Ele não me disse nada, apenas sorriu e olhou no fundo dos meu olhos, parecia olhar o fundo da minha alma. Me deu um aperto de mãos e continuou lá. Eu atravesso a rua correndo e fico na fila, esperando minha vez de subir no ônibus. Ao olhar pra trás, vi que ele sumiu. Imediatamente, me arrepiei inteira, fui sentindo uma necessidade de chorar, meu corpo tremia bastante. Fiquei procurando ele e nada de encontrar.

(É impossível. Não é distante um lugar do outro. Ele mancava bastante, seria impossível sair correndo. Não tem mais nenhum ônibus aqui, só o meu. Todas as pessoas que estavam aqui, já estão acomodadas nesse ônibus. Agora só restam os guardas e as barracas de comida. Cadê aquele senhor?) 

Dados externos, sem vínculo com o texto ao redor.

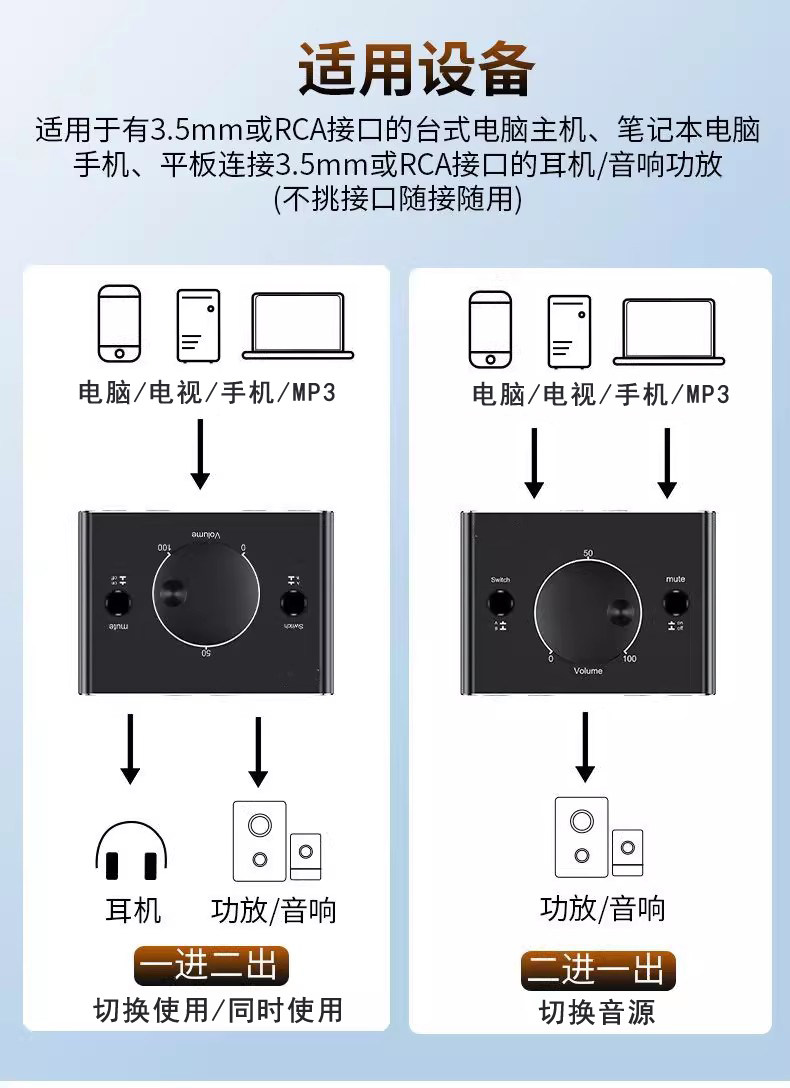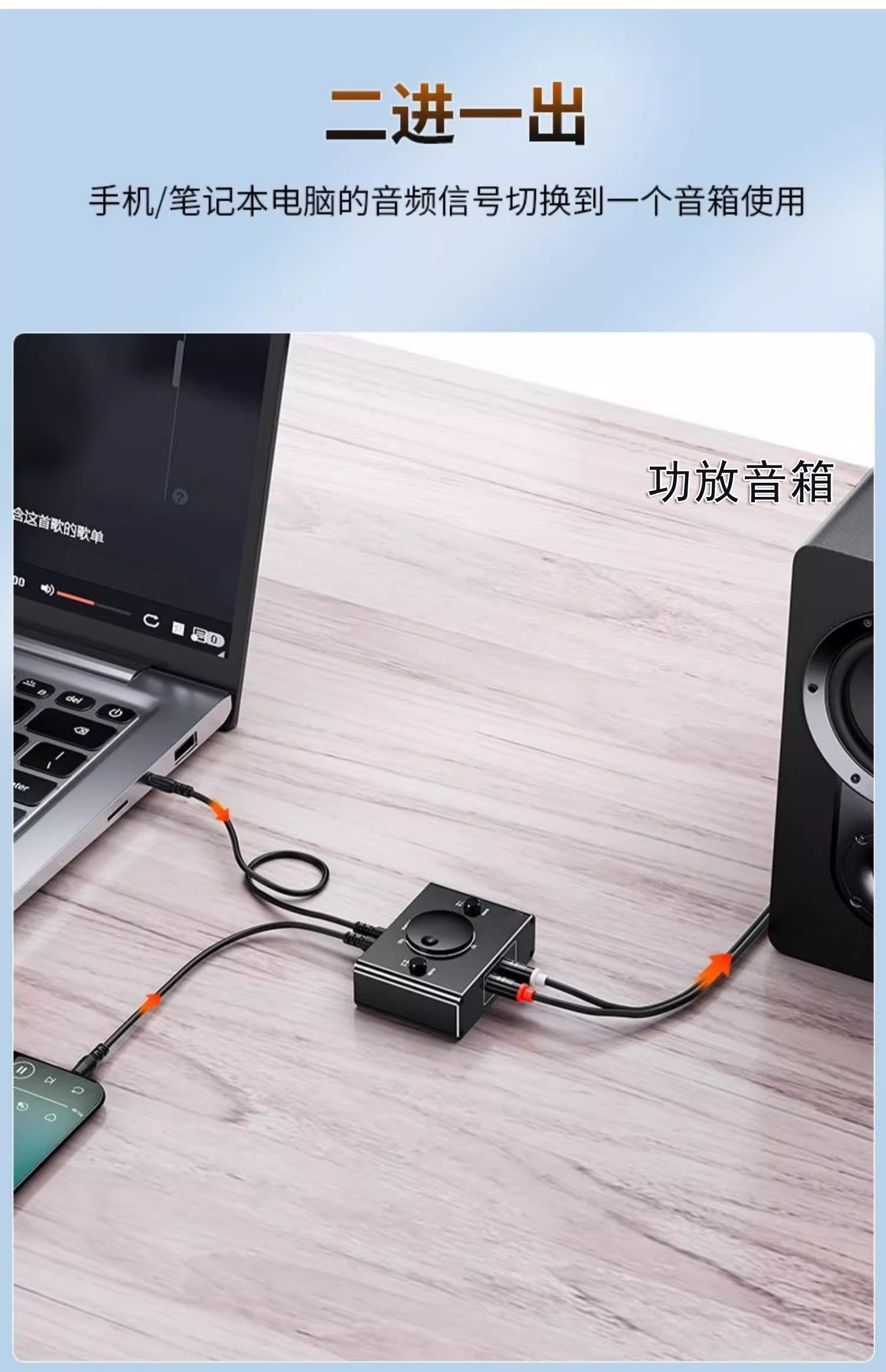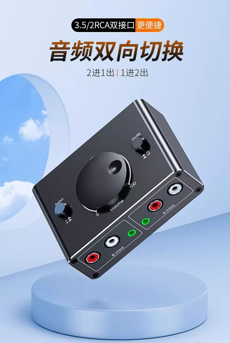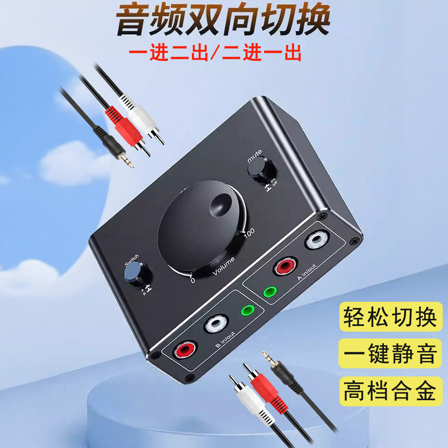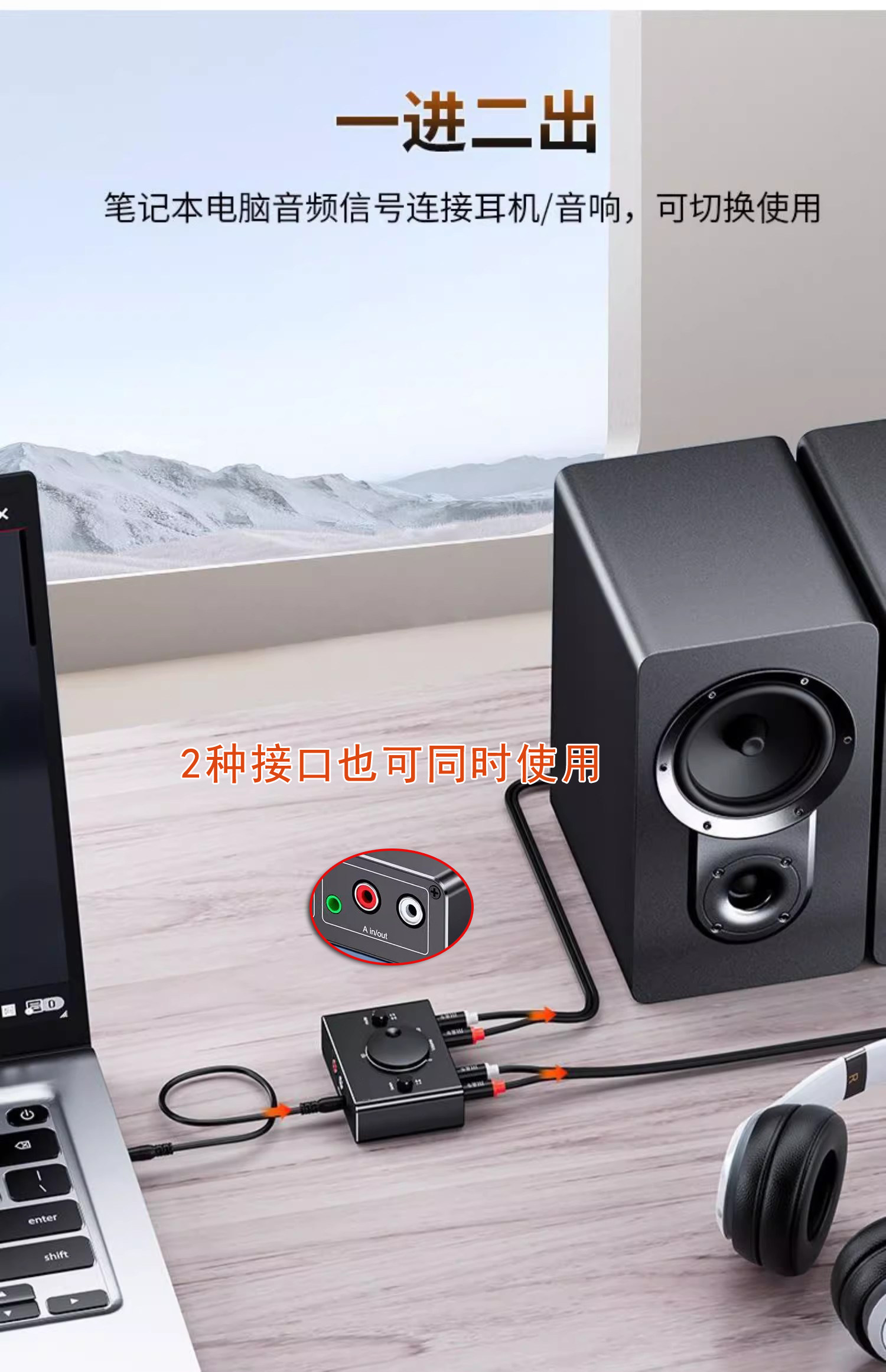 Audio Signal 2Rca Lotus Cable 3.5mm Two-In-One-Out Switcher Computer Tv Speaker Headphones 1 to 2

Controlei meus pensamentos e fui subindo no ônibus, procurando por ele em todos os lugares possíveis e nada. Comprei mais uma garrafa de água, tomei ainda tremendo muito e sem acreditar no que aconteceu. As lágrimas foram molhando o meu rosto, e eu senti que deveria mesmo chorar. Enfim, o ônibus começa a sair do terminal e fui acompanhando toda a tragetória de volta pra casa, bastante pensativa. Logo eu, que sempre quis ter um encontro com Deus, acho que acabei de ter um hoje.